That dumb things would be moved to sympathize,

And the brute Earth would lend her nerves, and shake,

Till all thy magic structures, reared so high,

Were shattered into heaps o’er thy false head.”

(ll. 790–799.)

This vehemence of moral enthusiasm in Milton is due to the conception of chastity as an “abstracted sublimity.” He learned it, he says, in his study of Platonic philosophy; but the teaching of it as a positive doctrine applied to human conduct is his own contribution, and strikes the characteristic note of his idealism. In Plato he found only the suggestion of this teaching. It lay in that idea of the “Phædo,” already explained, of the destruction of the soul’s purity through sense knowledge. Milton’s imagination, working upon this idea, transformed it in a way peculiar to himself alone. The pure soul, according to his belief, has power in itself to change the body to its own pure essence. The conversion of body to soul, however, is not a tenet of Platonic philosophy in any phase.

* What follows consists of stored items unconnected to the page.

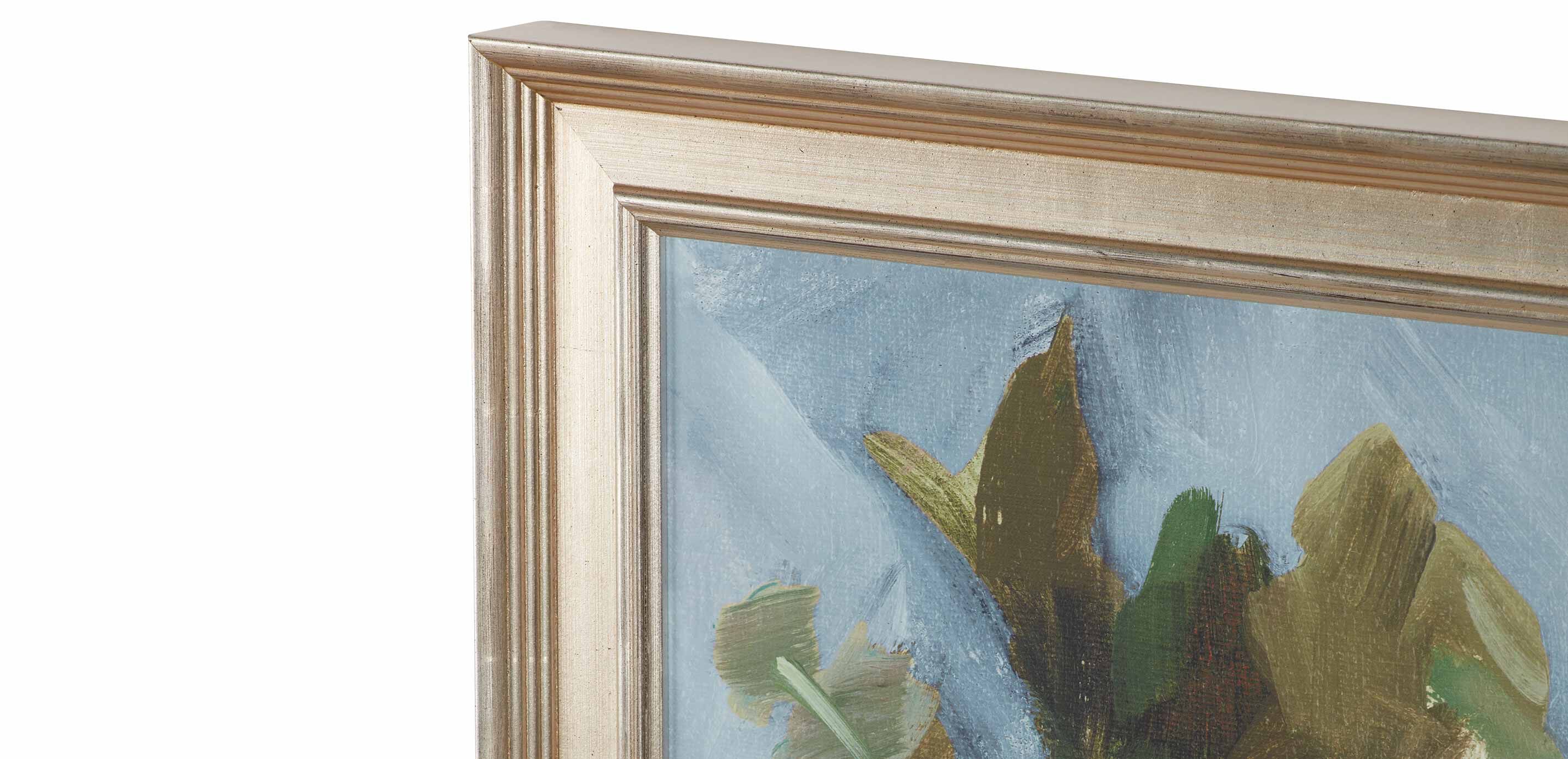 A classic white floral arrangement set against a dreamy wash of blue. This effortless combination, with its laid-back elegance, will blossom in any décor. Hand-embellished giclée on canvas Set in a contemporary solid wood frame in a warm silver finish Includes everything needed for simple, safe, secure, level no-wire hanging Framed by hand by master craftspeople
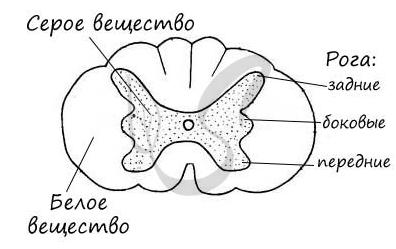 Спинной мозг располагается в позвоночном канале и состоит из двух симметричных половин, разделенных спереди срединной щелью, сзади – срединной бороздой. Спинной мозг характеризуется сегментарным строением, с каждым сегментом связана пара передних и пара задних корешков. В спинном мозге различают серое вещество (расположено в центральной части) и белое вещество (находится на периферии). Серое вещество на поперечном разрезе имеет вид бабочки и включает парные - передние - боковые - задние рога. На самом деле они представляют собой непрерывные столбы, идущие вдоль спинного мозга
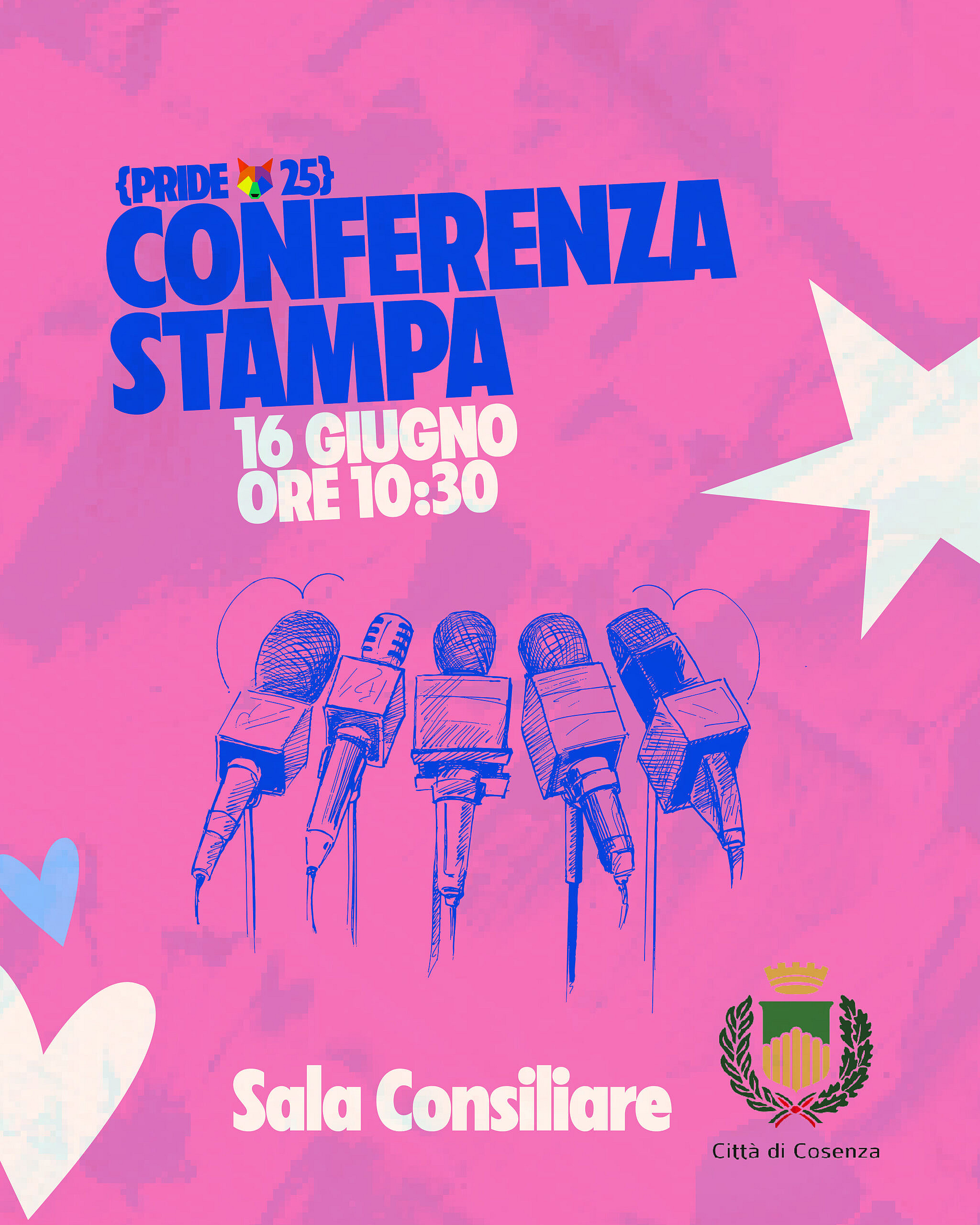 Conferenza stampa Cosenza Pride 2025 A pochi giorni dalla manifestazione, presenteremo pubblicamente il percorso, il manifesto politico e le ragioni che ci porteranno in piazza. Lunedì 16 giugno – ore 10:30 Comune di […]
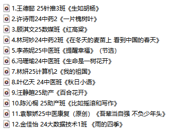 本次活动面向全体在校师生,作品题材丰富多元、内容积极向上。参与者们精心挑选朗读素材,既有《我的祖国》《生如胡杨》《不朽》等红色经典片段,也有现当代文学名家的散文诗歌;既有赞颂家国情怀的励志篇章,也有记录校园生活、抒发读书感悟的原创作品。录制过程中,选手们尽显用心:音频作品背景纯净、吐字清晰,部分搭配轻柔背景音乐烘托意境;视频作品画面稳定、着装整洁,或手持书卷出镜,或聚焦文稿特写,用自然真挚的情感传递文字背后的温度。
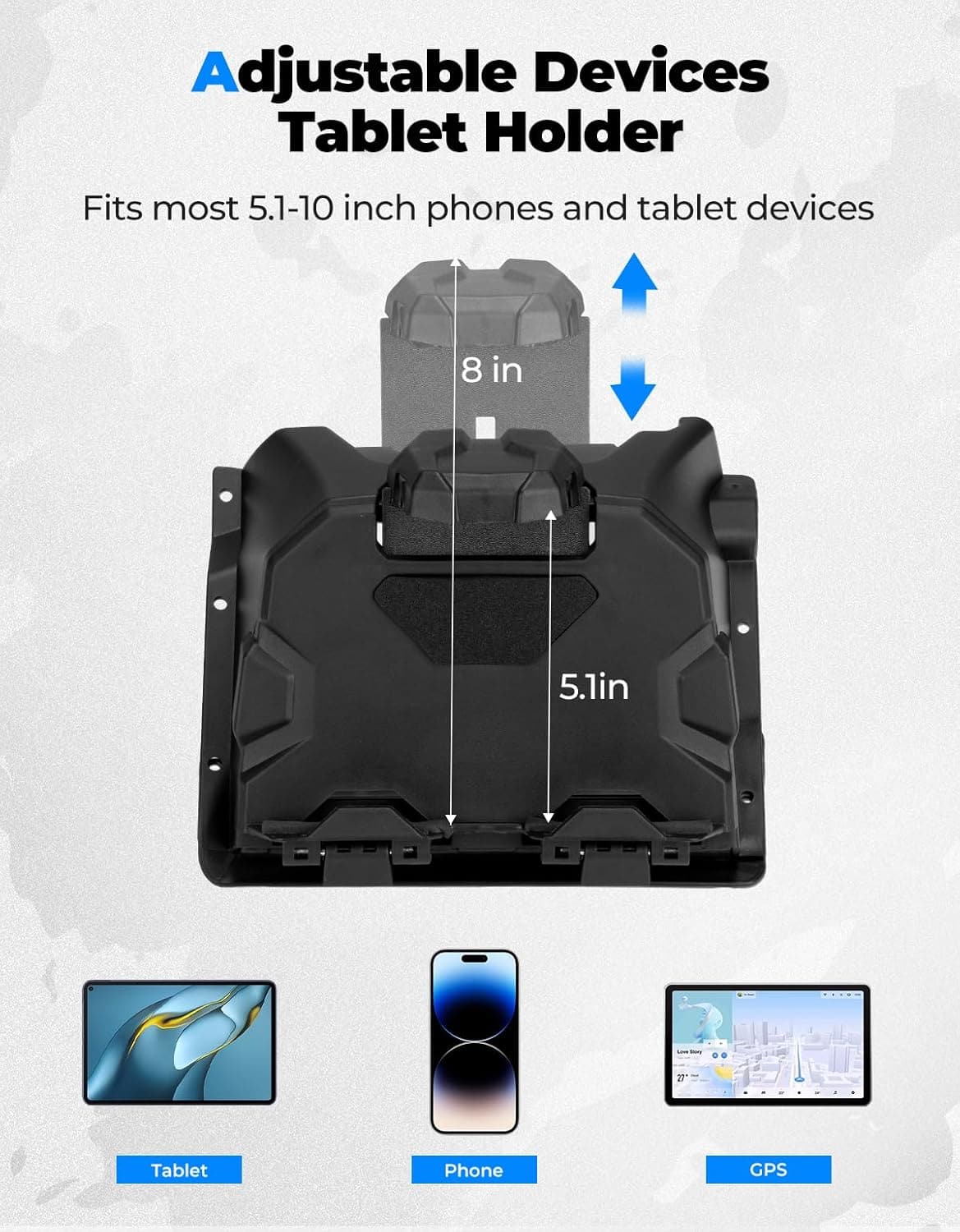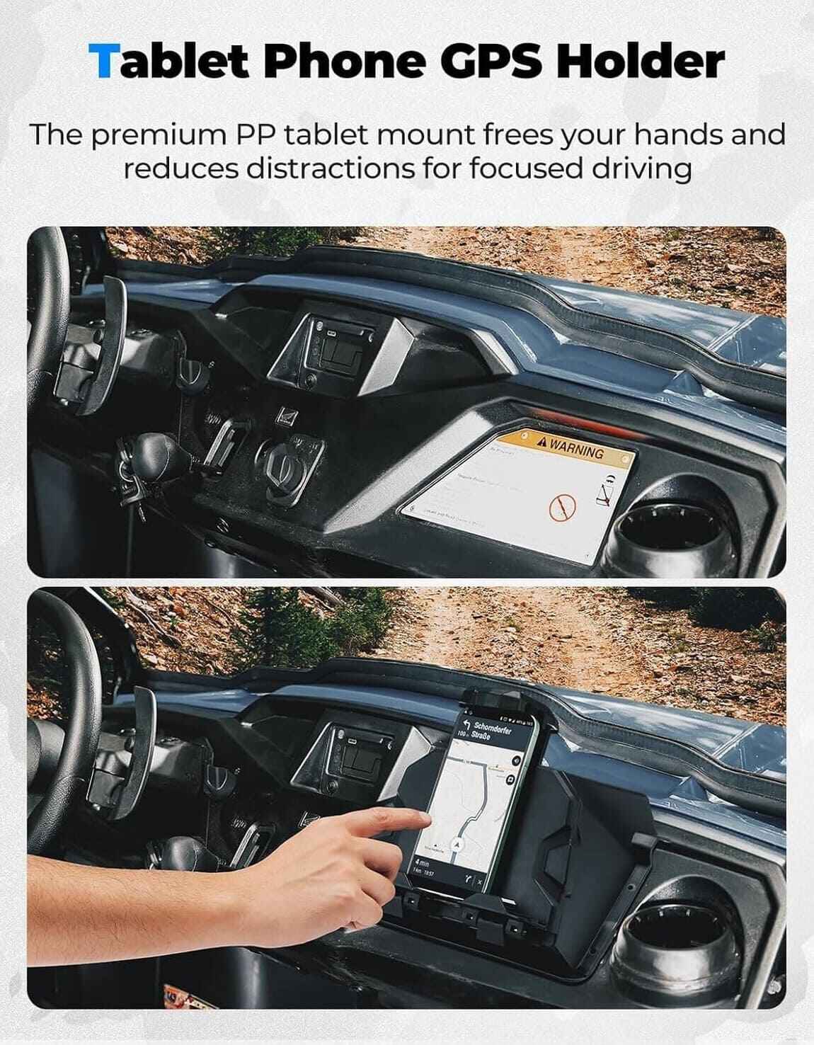 Electronic device holder made from durable PP material and utilizing 3D scanning technology to ensure an exact fit for the SXS. Protect your device while off-roading with shock-absorbing sponge pads to reduce vibrations

It was the working in Milton of that tendency, visible throughout the poetry of the seventeenth century, to assert the primacy of the soul in life—an attempt which was made by the metaphysical poets especially in their treatment of love.

The statement of this theory of chastity is explained in “Comus,” and its quickening influence is felt in the very manner in which Milton refers to it. Before the Elder Brother recounts the effect of lust upon the soul he explains the hidden power of chastity.